Common single-nucleotide polymorphisms (SNPs) are predicted to collectively explain 40-50% of phenotypic variation in human height, but identifying the specific variants and associated regions requires huge sample sizes(1). Here, using data from a genome-wide association study of 5.4 million individuals of diverse ancestries, we show that 12,111 independent SNPs that are significantly associated with height account for nearly all of the common SNP-based heritability.

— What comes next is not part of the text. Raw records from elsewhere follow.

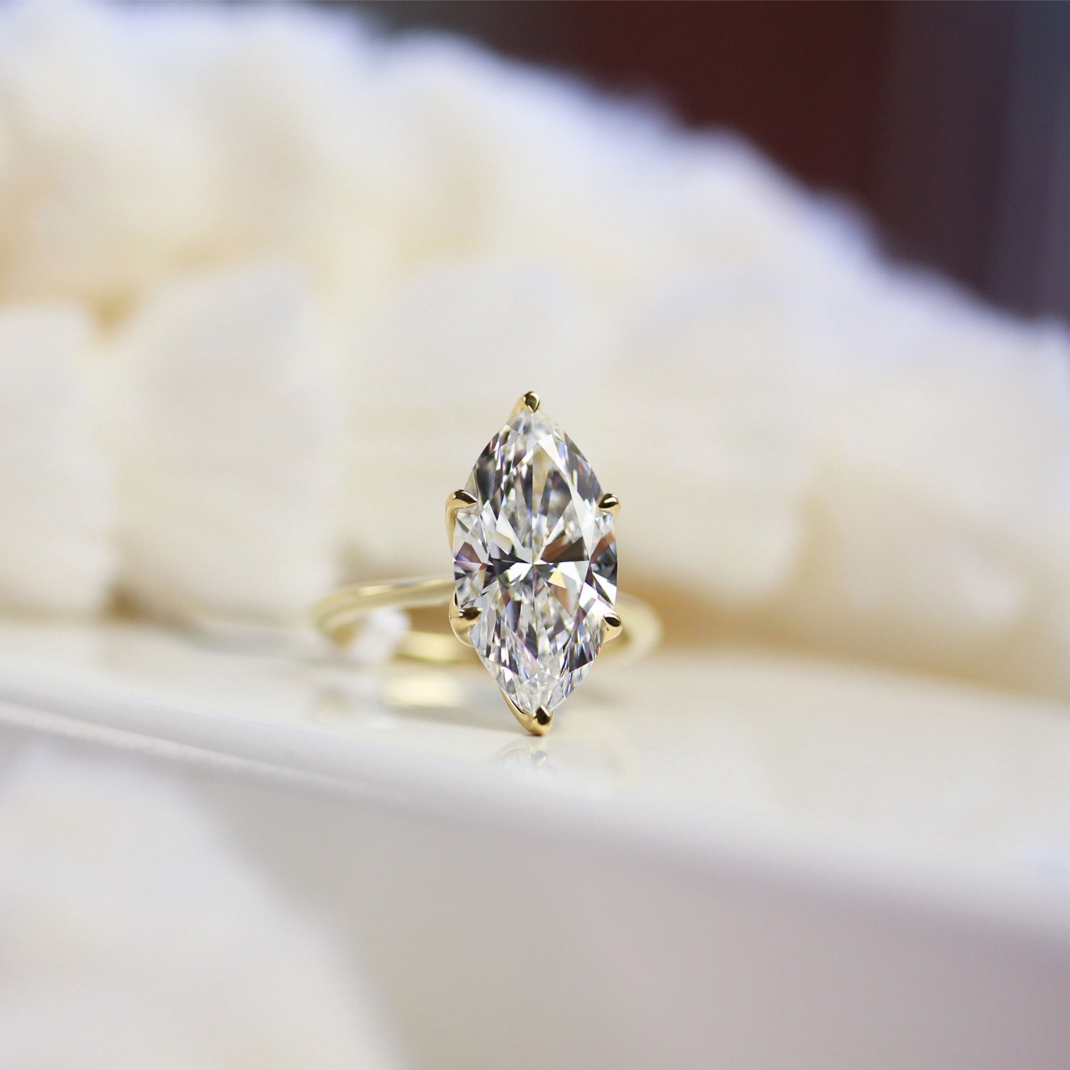 5.81 CT, MQ, E, VS1 LGD Center, 14KY 14 RD .03 CT Solitaire Ring
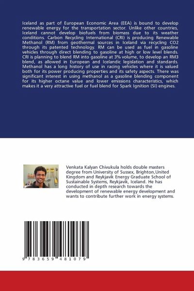 Iceland as part of European Economic Area (EEA) is bound to develop renewable energy for the transportation sector. Unlike other countries, Iceland cannot develop biofuels from biomass due to its weather conditions. Carbon Recycling International (CRI) is producing Renewable Methanol (RM) from geothermal sources in Iceland via recycling CO2 through its patented technology. RM can be used as fuel in gasoline vehicles through direct blending to gasoline at high or low level blends. CRI is planning to blend RM into gasoline at 3% volume, to develop an RM3 blend, as allowed in European and Icelandic legislation and standards. Methanol has a long history of use in racing vehicles where it is valued both for its power producing properties and its safety aspects. There was significant interest in using methanol as a gasoline blending component for its higher octane value and lower emissions characteristics, which makes it a very attractive fuel or fuel blend for Spark Ignition (SI) engines.
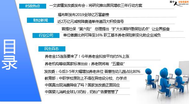每日新闻速递 2019年3月7日 星期四 目录 时政热点 财经新闻 行业公司 民生百态 一文读懂发改委发布会:将研究推出居民增收三年行动方案 福布斯发布2019全球亿万富豪榜 近2万亿元减税降费清单传递四大积极信号 首提社保“第六险” 总理提出“扩大长期护理保险试点”让业界振奋 单位缴费比例可降至16% 职工基本养老保险新变化助企业减负 养老金15连涨要来了!今年养老金拟按平均约5%上涨 养老机构等级国家标准出台:养老院将有“五星级” 发改委:今后3-5年大幅增加养老床位 普惠性幼儿园占比80% 教育部:中职学校原则上不得在异地设分校、办学点 中国真出现消费降级了吗?国家发改委正面回应 中国婴儿消耗全球1/3奶粉,奶粉广告要管管了 时政热点 一文读懂发改委发布会:将研究推出居民增收三年行动方案 2019-03-06 11:16 来源:腾讯财经综合 今后3-5年,将大幅度增加养老床位,普惠性养老床位将增加100万张。实现普惠性幼儿园全覆盖,普惠性幼儿园占比要达80%以上,加快建设一批托幼机构。我们正在会同相关部门和地方简化备案等管理程序,开展重大外资项目服务和推进工作。目前,已推出沈阳华晨宝马、上海特斯拉等两批重大外资项目,当然还会有第三批。为促进消费平稳增长,将增强居民消费能力,多措并举强化居民增收,推动稳增长、保就业、促增收,保障居民收入增长与经济增长同步,将研究推出居民增收三年行动方案。3月6日上午10时,国家发展改革委主任何立峰,副主任宁吉喆、连维良就“大力推动经济高质量发展”相关问题召开记者会,并回答中外记者的提问。 财经新闻 福布斯发布2019全球亿万富豪榜 2019-03-06 08:59 来源:凤凰网 PingWest品玩3月5日讯,美国《福布斯》杂志网站于纽约当地时间3月5日发布第33期年度全球亿万富豪榜。亚马逊CEO杰夫·贝索斯(Jeff Bezos)蝉联榜首,马化腾进入前20名。富豪身家净值总额达到8.7万亿美元,低于2018年的9.1万亿美元。这是2016年以来富豪人数和财富总额首次下降,也是过去10年第2次下降。身家同比下降的富豪人数达到994位,创历史纪录;去年榜单上,只有360位富豪的财富缩水。今年,全球亿万富豪的平均身家为40亿美元,也低于2018年的41亿美元。
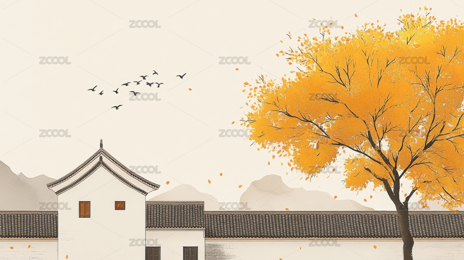 中国风江南银杏树古建筑山水画
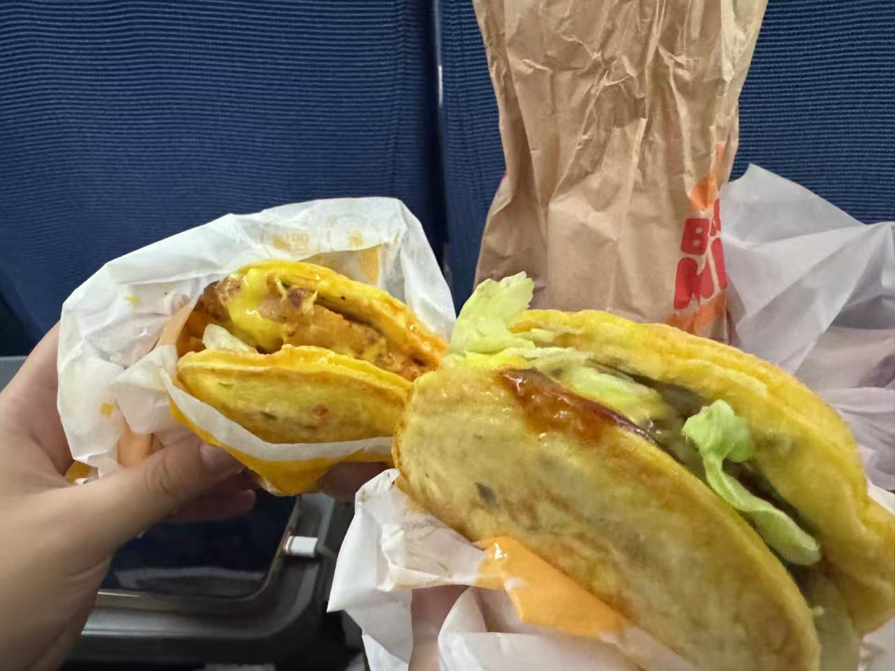 路上宝给我们买了汉堡王的早餐~宝说这个汉堡不好吃,因为没有面包全是鸡蛋🍳
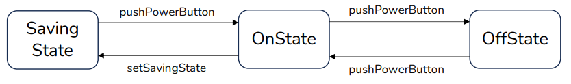 | 3. Concrete State | 구체적인 각각의 상태를 클래스로 표현. State 역할로 결정되는 메서드들을 구현하며, Context에 대한 참조를 가지고 있어 상태를 변경하거나 정보를 가져오기도함. |
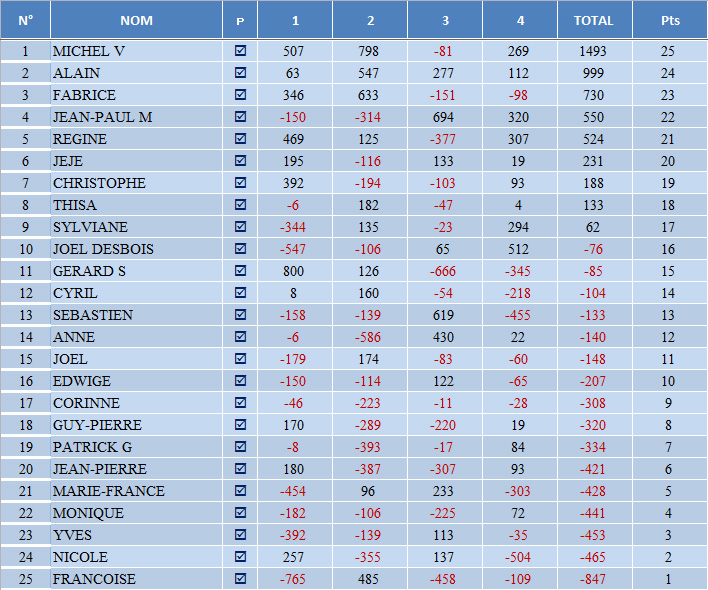 Bravo à tous pour la participation à l’ambiance décontractée de cette soirée. Rendez-vous vendredi prochain avec, pour ceux qui le souhaitent, un entrainement duplicaté à 18 h 30 et le challenge de février à 20 h 30 (participation 5 €).
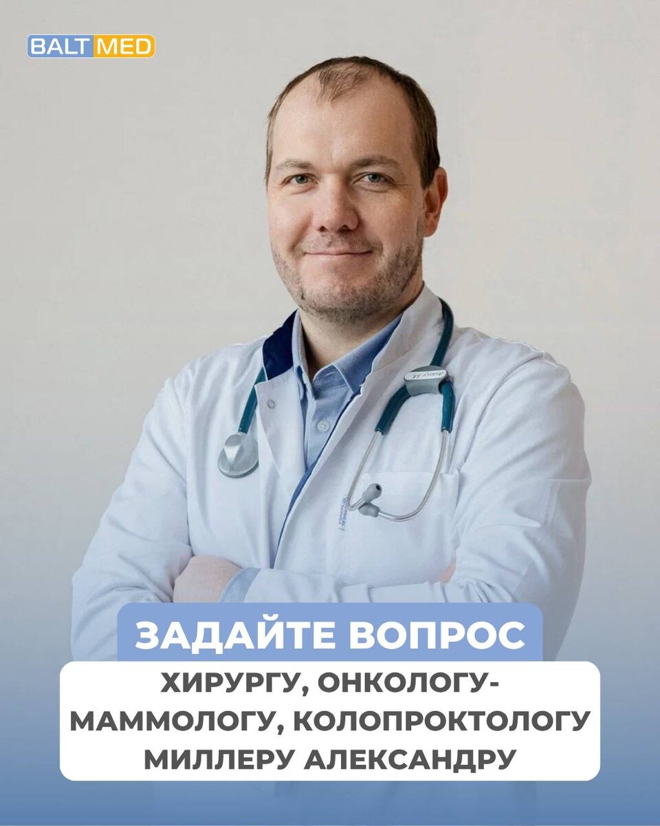 И да, в этот раз рубрика выходит 1 апреля — но вопросы и ответы будут максимально серьёзными 👇🏻🙂 В эту среду рубрику ведет: Миллер Александр Евгеньевич — врач-хирург, онколог-маммолог, колопроктолог с опытом более 22 лет. Александр Евгеньевич — специалист, к которому обращаются не только при «острых» состояниях, но и когда ситуация кажется сложной или непонятной: есть новообразование, длительные боли или уже поставлен диагноз, но остаются вопросы. Врач занимается диагностикой и лечением заболеваний желудочно-кишечного тракта, мягких тканей, молочной железы, а также заболеваний прямой кишки и анальной области. Выполняет современные операции и малоинвазивные процедуры с быстрым восстановлением. 👉🏻 Если у вас есть вопросы про: — новообразования кожи, мягких тканей и молочной железы — геморрой, анальные трещины, дискомфорт и боль — кровь при дефекации — опасно ли это — полипы и новообразования кишечника — колостому и уход за ней — боли и нарушения в работе ЖКТ — грыжи (паховые,
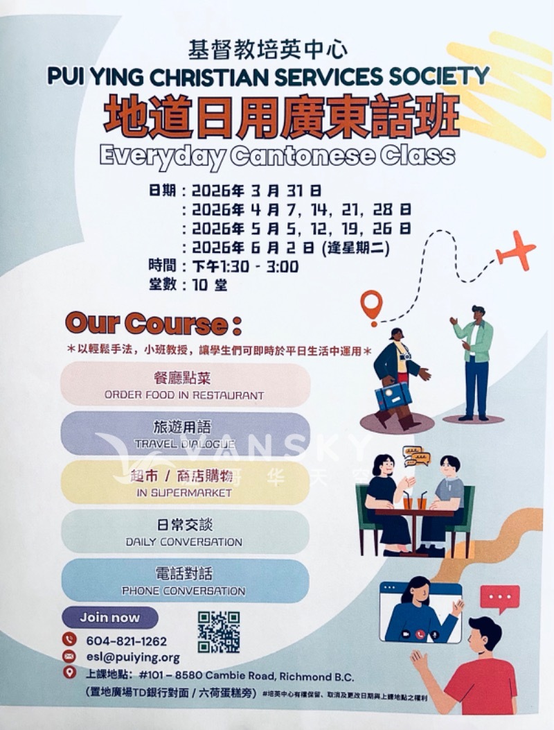 中侨列治文服务中心为大家提供丰富的免费中英文讲座和活动信息,以帮助您更好地融入加拿大生活。如有您感兴趣的话题,欢迎您报名参加。报名链接于讲座日期前一个工作日上午九点或额满后关闭,请您提前登记。
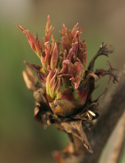 Hier der Austrieb meiner Lieblings-Päonie, der P. delavayi.Foto ist von heute
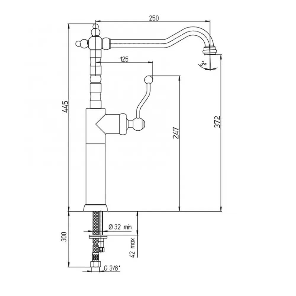 Однорычажный высокий смеситель в винтажном стиле украсит кухню, его поворотный длинный излив позволят менять направление потока воды, а увеличенная высота - использовать глубокую посуду. Изысканная форма позволит сделать смеситель самостоятельным арт-объектом на кухне. Антикварные изгибы DUOMO будут органично смотреться в стилях классика, винтаж или по-новому раскроют интерьер в стиле фьюжн.
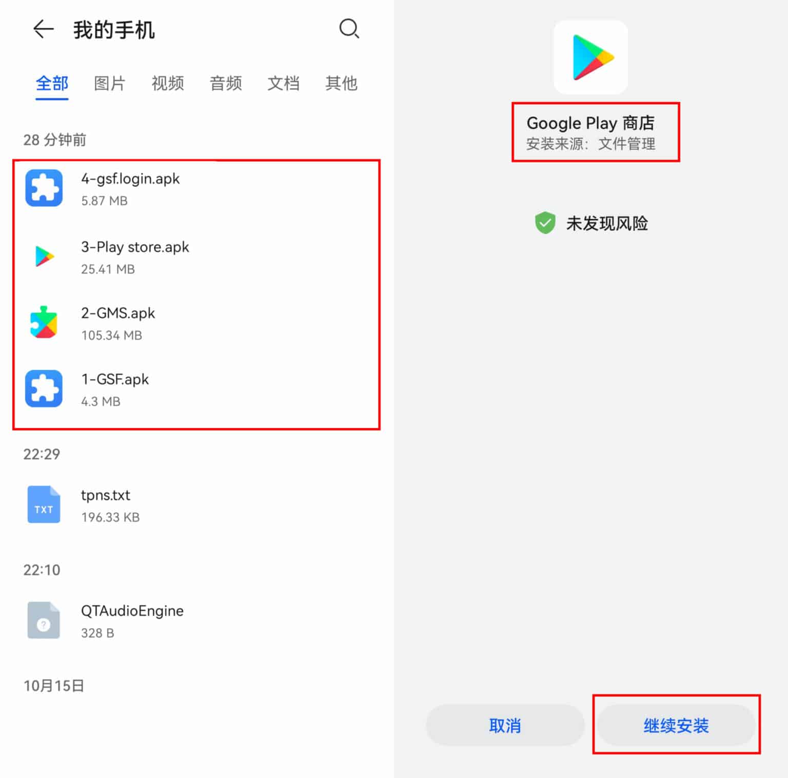 5.9.重新啟動(dòng)手機(jī)后,保持國(guó)際網(wǎng)絡(luò)的暢通,之后打開手機(jī)文件管理,再重新安裝一次 2-GMS.apk 文件。
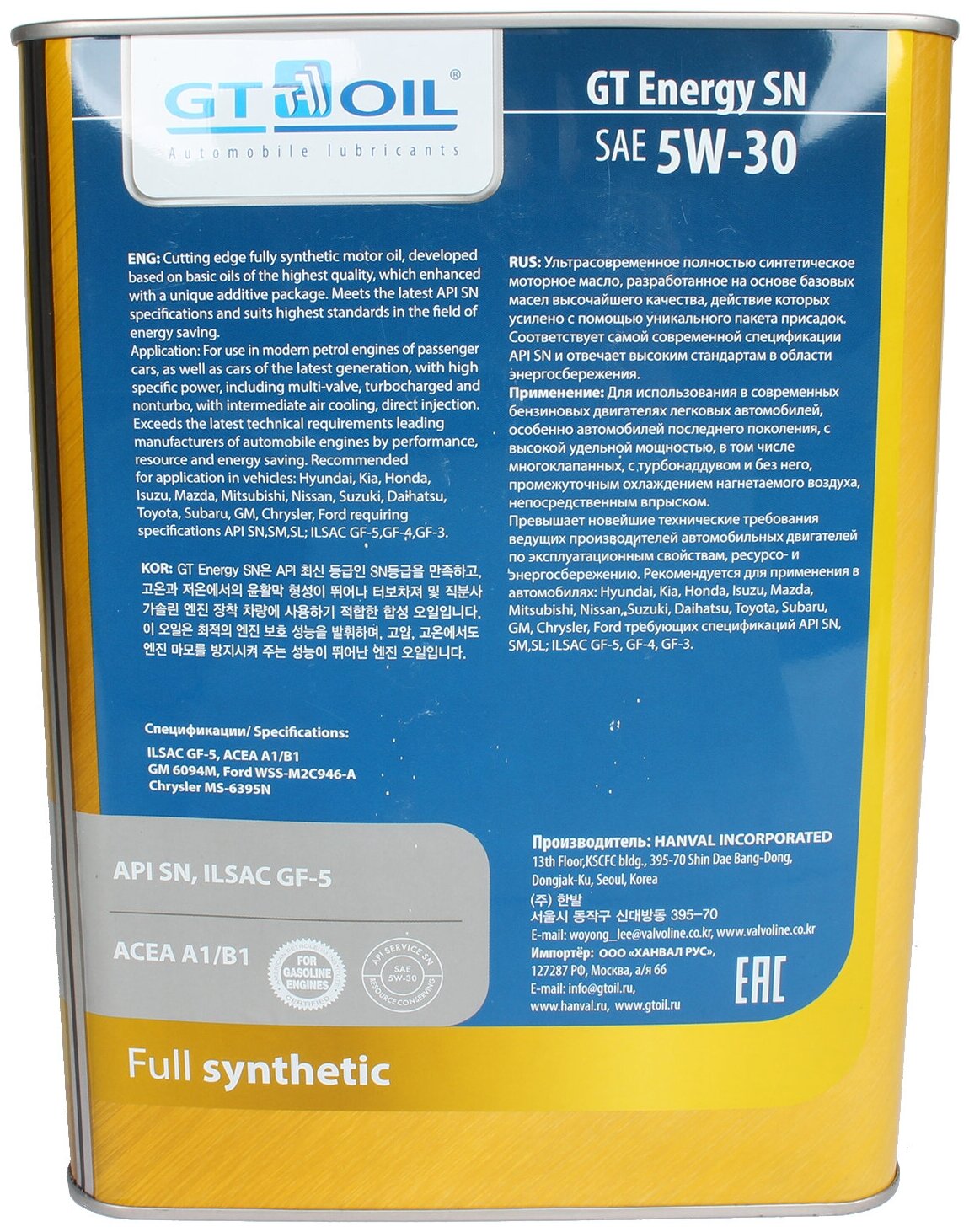 Масло моторное gt oil gt energy sn 5w-30 синтетическое 4 л 8809059407257
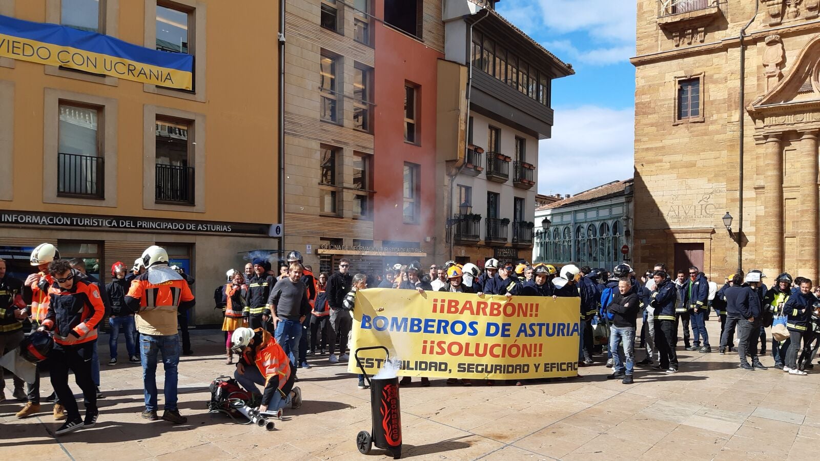 Protesta de los bomberos en Asturias. Una marcha de una hora entre la Junta General del Principado y el Ayuntamiento de Oviedo con efectivos del Servicio de Emergencias del Principado y de los cuerpos municipales de Gijón y Oviedo. En realidad, son exigencias y denuncias históricas pero la crisis de los incendios forestales acentúa sus reivindicaciones.
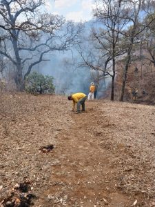 De acuerdo con el Centro Estatal de Manejo del Fuego, brigadistas de la Cofom, Comisión Nacional Forestal (Conafor), Ayuntamientos y voluntarios continúan los trabajos por tierra para la liquidación del fuego, realizando brechas corta fuego así como líneas negras para evitar que el siniestro avance.
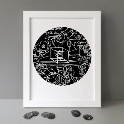 Button Badge Motif Print (STBBMP) — This carefully curated edition features designs from Stereohype's ever-growing one inch (25mm) button badge collection. The circular artworks are enlarged to seven inch (178mm) and printed on demand on a beautifully textured paper (portrait, 8 x 10" / 203 x 254mm). The print series already includes over 500 artworks and will further grow to be as rich and versatile as Stereohype's widely-acclaimed button badge collection. The badge collection already features over 1,700 artworks by over 600 established and emerging illustrators, graphic designers, typographers, photographers and artists from around the world. Some of Stereohype's button badge motifs are clearly better suited to be enlarged and featured on a print than others, but many hundreds of designs will make amazing print motifs. More prints are regularly added to this Stereohype range. Each print comes with the according button badge. We also have an optional custom frame for Button Badge Motif Prints (as seen in previews). This wooden high quality custom frame is built with a matt, white 'small alpha' frame made by our local London, Clerkenwell framer. Frames are also made on demand.
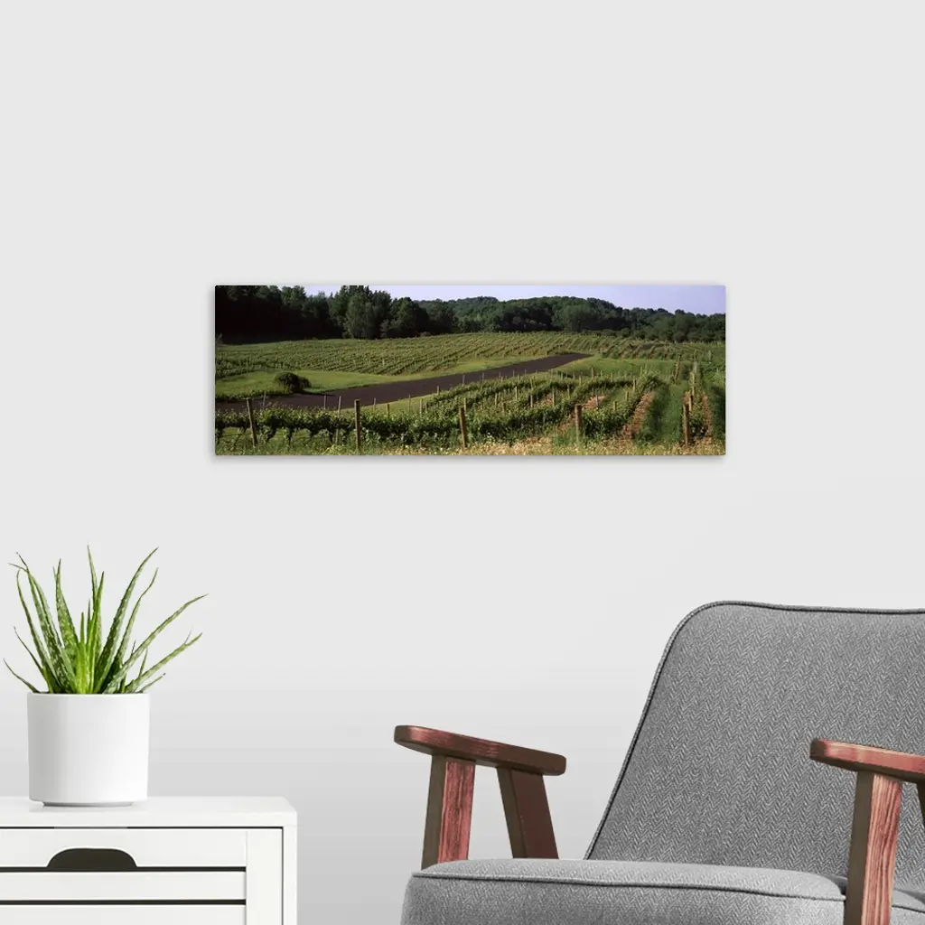 Road passing through vineyards, near Traverse City, Grand Traverse County, Michigan, wall art for home and office decor. Discover canvas art prints, photos, mural, big canvas art and framed wall art in GreatBigCanvas.com's varied collections.

These SNPs are clustered within 7,209 non-overlapping genomic segments with a mean size of around 90 kb, covering about 21% of the genome. The density of independent associations varies across the genome and the regions of increased density are enriched for biologically relevant genes. In out-of-sample estimation and prediction, the 12,111 SNPs (or all SNPs in the HapMap 3 panel(2)) account for 40% (45%) of phenotypic variance in populations of European ancestry but only around 10-20% (14-24%) in populations of other ancestries. Effect sizes, associated regions and gene prioritization are similar across ancestries, indicating that reduced prediction accuracy is likely to be explained by linkage disequilibrium and differences in allele frequency within associated regions. Finally, we show that the relevant biological pathways are detectable with smaller sample sizes than are needed to implicate causal genes and variants. Overall, this study provides a comprehensive map of specific genomic regions that contain the vast majority of common height-associated variants. Although this map is saturated for populations of European ancestry, further research is needed to achieve equivalent saturation in other ancestries.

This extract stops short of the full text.